AIM OF THE EXERCISE: From the first line to the last, give the records again exactly and skip the pictures.

(Collection entries)
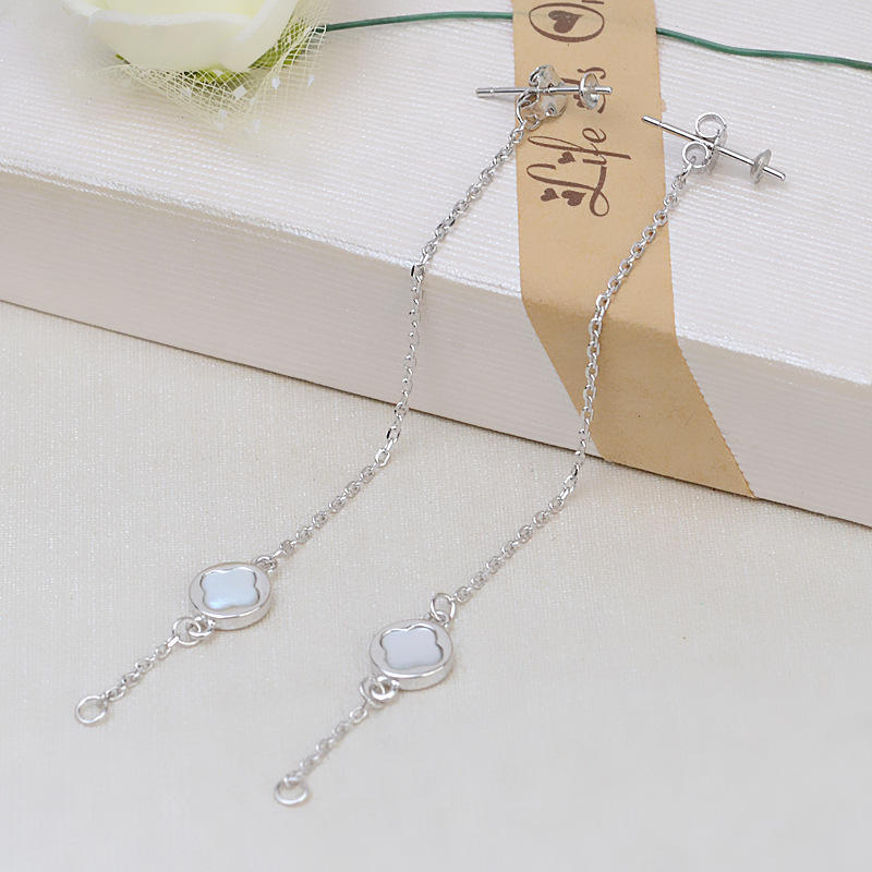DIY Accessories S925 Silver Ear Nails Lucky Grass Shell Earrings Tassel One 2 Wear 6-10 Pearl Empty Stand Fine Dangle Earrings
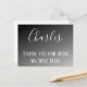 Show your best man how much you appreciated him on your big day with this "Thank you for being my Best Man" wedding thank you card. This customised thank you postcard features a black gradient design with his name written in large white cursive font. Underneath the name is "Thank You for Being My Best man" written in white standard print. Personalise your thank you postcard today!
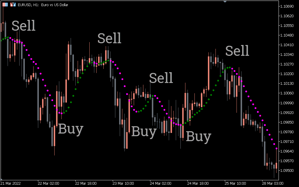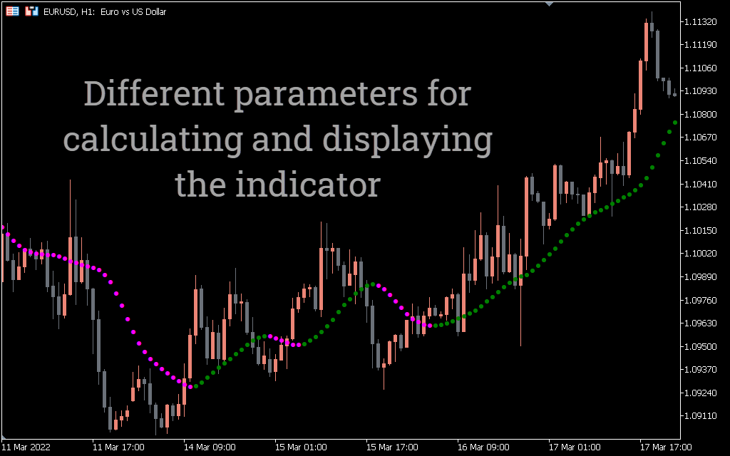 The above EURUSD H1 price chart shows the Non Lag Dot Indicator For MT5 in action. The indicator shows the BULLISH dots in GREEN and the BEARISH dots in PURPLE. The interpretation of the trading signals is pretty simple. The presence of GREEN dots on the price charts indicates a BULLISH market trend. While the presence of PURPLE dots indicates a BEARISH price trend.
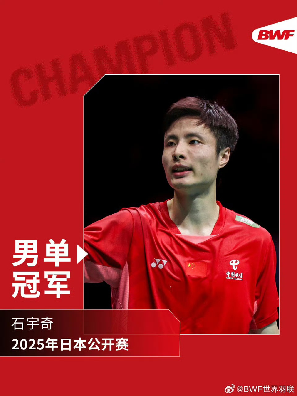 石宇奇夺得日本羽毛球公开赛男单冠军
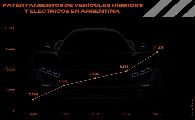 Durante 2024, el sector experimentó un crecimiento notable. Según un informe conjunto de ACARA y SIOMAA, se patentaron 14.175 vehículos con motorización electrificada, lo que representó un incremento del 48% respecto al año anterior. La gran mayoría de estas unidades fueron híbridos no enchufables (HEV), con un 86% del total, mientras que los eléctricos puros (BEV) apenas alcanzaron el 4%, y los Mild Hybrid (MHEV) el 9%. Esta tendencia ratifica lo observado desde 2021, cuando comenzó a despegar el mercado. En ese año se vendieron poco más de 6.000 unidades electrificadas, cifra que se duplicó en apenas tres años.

RESPONSE TO THE EXERCISE:
DIY Accessories S925 Silver Ear Nails Lucky Grass Shell Earrings Tassel One 2 Wear 6-10 Pearl Empty Stand Fine Dangle Earrings
 Show your best man how much you appreciated him on your big day with this "Thank you for being my Best Man" wedding thank you card. This customised thank you postcard features a black gradient design with his name written in large white cursive font. Underneath the name is "Thank You for Being My Best man" written in white standard print. Personalise your thank you postcard today!
 The above EURUSD H1 price chart shows the Non Lag Dot Indicator For MT5 in action. The indicator shows the BULLISH dots in GREEN and the BEARISH dots in PURPLE. The interpretation of the trading signals is pretty simple. The presence of GREEN dots on the price charts indicates a BULLISH market trend. While the presence of PURPLE dots indicates a BEARISH price trend.
 石宇奇夺得日本羽毛球公开赛男单冠军
 Durante 2024, el sector experimentó un crecimiento notable. Según un informe conjunto de ACARA y SIOMAA, se patentaron 14.175 vehículos con motorización electrificada, lo que representó un incremento del 48% respecto al año anterior. La gran mayoría de estas unidades fueron híbridos no enchufables (HEV), con un 86% del total, mientras que los eléctricos puros (BEV) apenas alcanzaron el 4%, y los Mild Hybrid (MHEV) el 9%. Esta tendencia ratifica lo observado desde 2021, cuando comenzó a despegar el mercado. En ese año se vendieron poco más de 6.000 unidades electrificadas, cifra que se duplicó en apenas tres años.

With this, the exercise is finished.